• _WHAT TO PRODUCE_: Each line below needs to be returned exactly. Skip any picture.

• _DATA BELOW_:
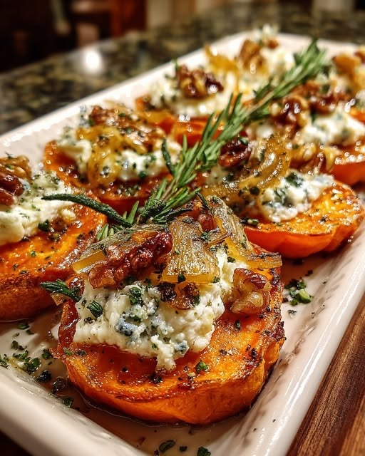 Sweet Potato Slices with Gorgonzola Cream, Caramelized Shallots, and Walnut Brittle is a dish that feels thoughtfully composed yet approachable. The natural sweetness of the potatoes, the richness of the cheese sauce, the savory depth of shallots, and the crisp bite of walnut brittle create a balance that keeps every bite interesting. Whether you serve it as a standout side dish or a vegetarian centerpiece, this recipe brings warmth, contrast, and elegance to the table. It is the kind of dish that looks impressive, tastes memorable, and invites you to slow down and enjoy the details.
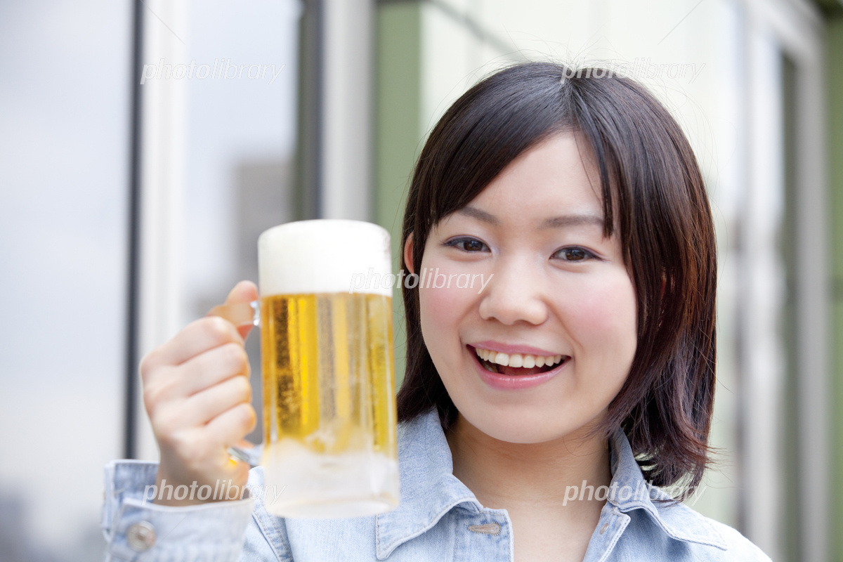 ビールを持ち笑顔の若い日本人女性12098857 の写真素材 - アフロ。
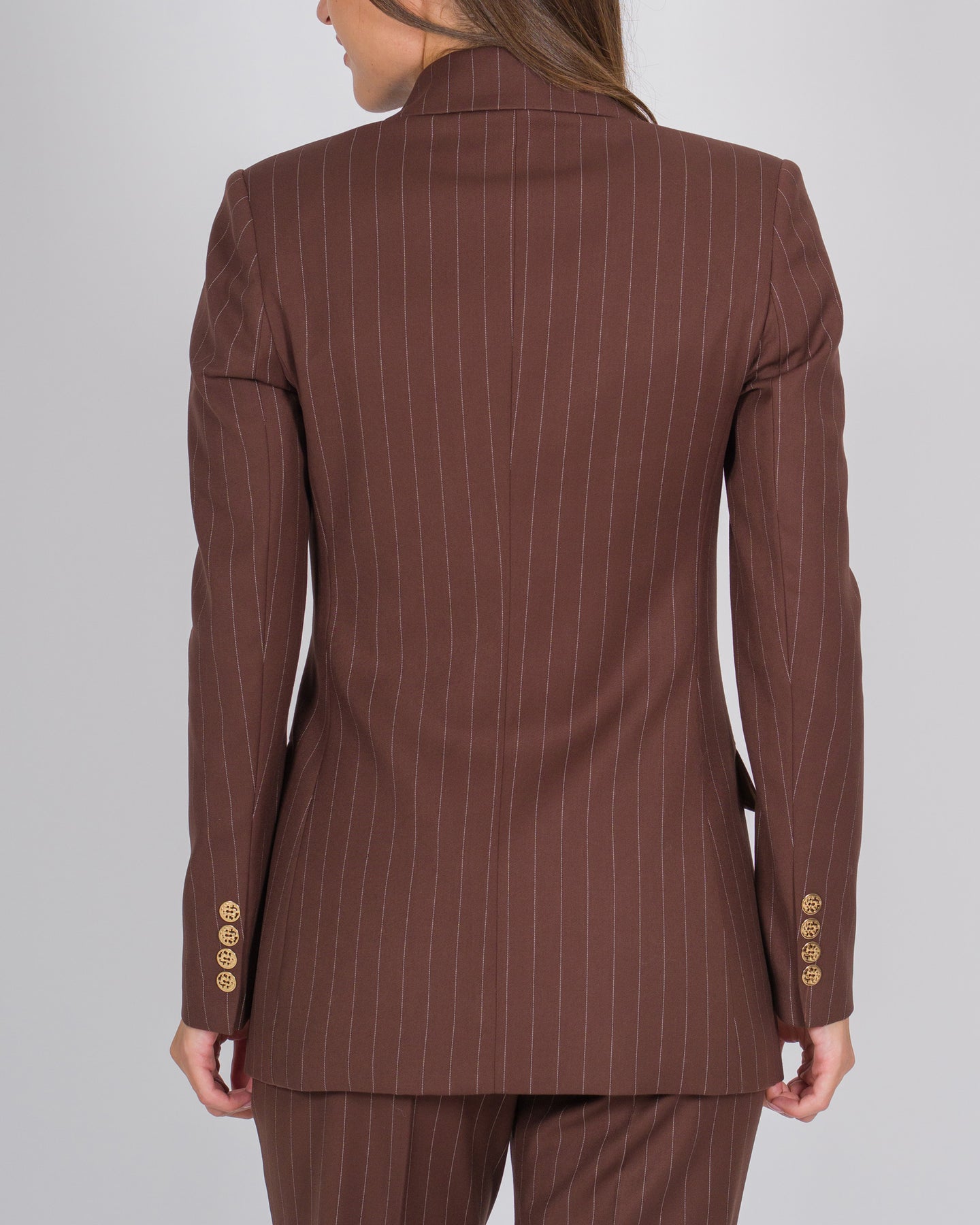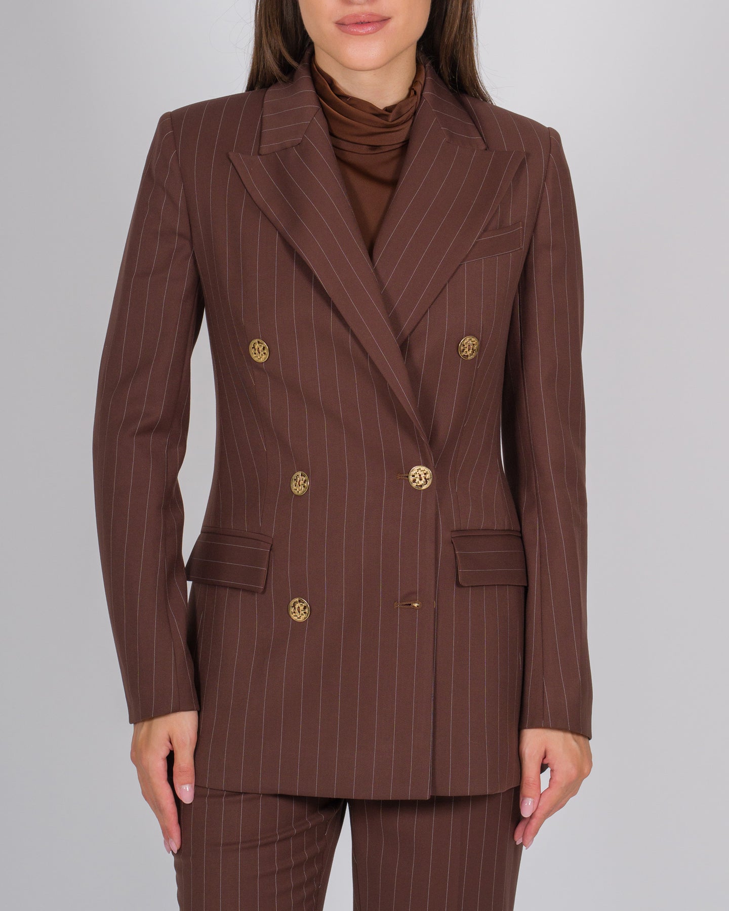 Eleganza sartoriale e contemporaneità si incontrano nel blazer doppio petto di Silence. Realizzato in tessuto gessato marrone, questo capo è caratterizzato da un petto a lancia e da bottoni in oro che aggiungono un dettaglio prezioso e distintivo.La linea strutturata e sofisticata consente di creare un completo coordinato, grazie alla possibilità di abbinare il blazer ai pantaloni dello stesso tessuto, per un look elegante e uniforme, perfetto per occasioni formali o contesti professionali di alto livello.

• _TASK ANSWER_:
 Sweet Potato Slices with Gorgonzola Cream, Caramelized Shallots, and Walnut Brittle is a dish that feels thoughtfully composed yet approachable. The natural sweetness of the potatoes, the richness of the cheese sauce, the savory depth of shallots, and the crisp bite of walnut brittle create a balance that keeps every bite interesting. Whether you serve it as a standout side dish or a vegetarian centerpiece, this recipe brings warmth, contrast, and elegance to the table. It is the kind of dish that looks impressive, tastes memorable, and invites you to slow down and enjoy the details.
 ビールを持ち笑顔の若い日本人女性12098857 の写真素材 - アフロ。
 Eleganza sartoriale e contemporaneità si incontrano nel blazer doppio petto di Silence. Realizzato in tessuto gessato marrone, questo capo è caratterizzato da un petto a lancia e da bottoni in oro che aggiungono un dettaglio prezioso e distintivo.La linea strutturata e sofisticata consente di creare un completo coordinato, grazie alla possibilità di abbinare il blazer ai pantaloni dello stesso tessuto, per un look elegante e uniforme, perfetto per occasioni formali o contesti professionali di alto livello.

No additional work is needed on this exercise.